As can be seen, performance is considerably better than that obtained
in the previous section by training for 200000 iterations, though
still not as good as with Bayesian training (see Ex-netgp-b.doc).


Using an ensemble of networks trained by early stopping.

In the early stopping procedure just described, the use of the first
three-quarters of the training data for estimation and the last
one-quarter for validation is arbitrary.  Whenever a training
procedure involves arbitrary or random choices, it is generally better
(on average) to repeat the procedure several times with different
choices, and then make predictions by averaging the predictions made
by the networks in this "ensemble".  The following commands implement
this idea for early stopping, by averaging over both the choice of
which quarter of the data to use for validation, and over the random
choice of initial weights:

    > net-spec blog.gdese1 2 15 1 / ih=+ bh=+ ho=+ bo=+
    > model-spec blog.gdese1 binary
    > data-spec blog.gdese1 2 1 2 / bdata.train@-226:300 . bdata.train@226:300 .
    > rand-seed blog.gdese1 1
    > net-gd blog.gdese1 20000 10 / 0.4 batch

    > net-plt t L blog.gdese1 | find-min

    > net-spec blog.gdese2 2 15 1 / ih=+ bh=+ ho=+ bo=+
    > model-spec blog.gdese2 binary
    > data-spec blog.gdese2 2 1 2 / bdata.train@-151:225 . bdata.train@151:225 .
    > rand-seed blog.gdese2 2
    > net-gd blog.gdese2 20000 10 / 0.4 batch

    > net-plt t L blog.gdese2 | find-min

    > net-spec blog.gdese3 2 15 1 / ih=+ bh=+ ho=+ bo=+
    > model-spec blog.gdese3 binary
    > data-spec blog.gdese3 2 1 2 / bdata.train@-76:150 . bdata.train@75:150 .
    > rand-seed blog.gdese3 3 
    > net-gd blog.gdese3 20000 10 / 0.4 batch

    > net-plt t L blog.gdese3 | find-min

    > net-spec blog.gdese4 2 15 1 / ih=+ bh=+ ho=+ bo=+
    > model-spec blog.gdese4 binary
    > data-spec blog.gdese4 2 1 2 / bdata.train@-1:75 . bdata.train@1:75 .
    > rand-seed blog.gdese4 4
    > net-gd blog.gdese4 20000 10 / 0.4 batch

    > net-plt t L blog.gdese4 | find-min

The networks selected from the four training runs above as having
lowest validation error are at iterations 1190, 880, 1780, and 12720.
We can now make predictions for test cases using these four networks,
as follows:

    > net-pred mpa blog.gdese1 1190 blog.gdese2 880 \
                   blog.gdese3 1780 blog.gdese4 12720 / bdata.test .

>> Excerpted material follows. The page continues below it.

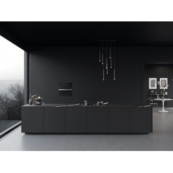 5128 Fior Bosco Quarz besticht durch seine edle graue Oberfläche, die von zarten, organischen Adern durchzogen ist und an die friedvolle Schönheit einer Waldlandschaft erinnert. Jede Platte präsentiert sich als einzigartige Komposition aus Farbtiefe und fließender Maserung und verleiht jedem Interieur eine moderne und atmosphärische Ruhe. Die leuchtende Oberfläche verstärkt die Lichtreflexion und erzeugt einen dynamischen visuellen Effekt – ideal für Küchenarbeitsplatten, Waschtische und Akzentwände.

    Number of iterations used: 4

    Number of test cases: 1000

    Average log probability of targets:    -0.266+-0.018
    Fraction of guesses that were wrong:    0.1210+-0.0103

The resulting classification performance is a bit better than was
found using just the first of the four networks.  But it's still not
as good as with Bayesian training.

Interestingly, one can get a bit better results using networks 1000
later in the run than were chosen based on the validation error, as
illustrated here:

    > net-pred mpa blog.gdese1 2190 blog.gdese2 1880 \
                   blog.gdese3 2780 blog.gdese4 13720 / bdata.test .

    Number of iterations used: 4

    Number of test cases: 1000

    Average log probability of targets:    -0.265+-0.020
    Fraction of guesses that were wrong:    0.1170+-0.0102

This may be because the selection of a single network to use based on
a validation set isn't necessarily optimal when predictions are
actually made by an ensemble.  (Though at least for this dataset,
results using early stopping with just the first split are also a bit
better when using the network 1000 iterations past the validation
error minimum.)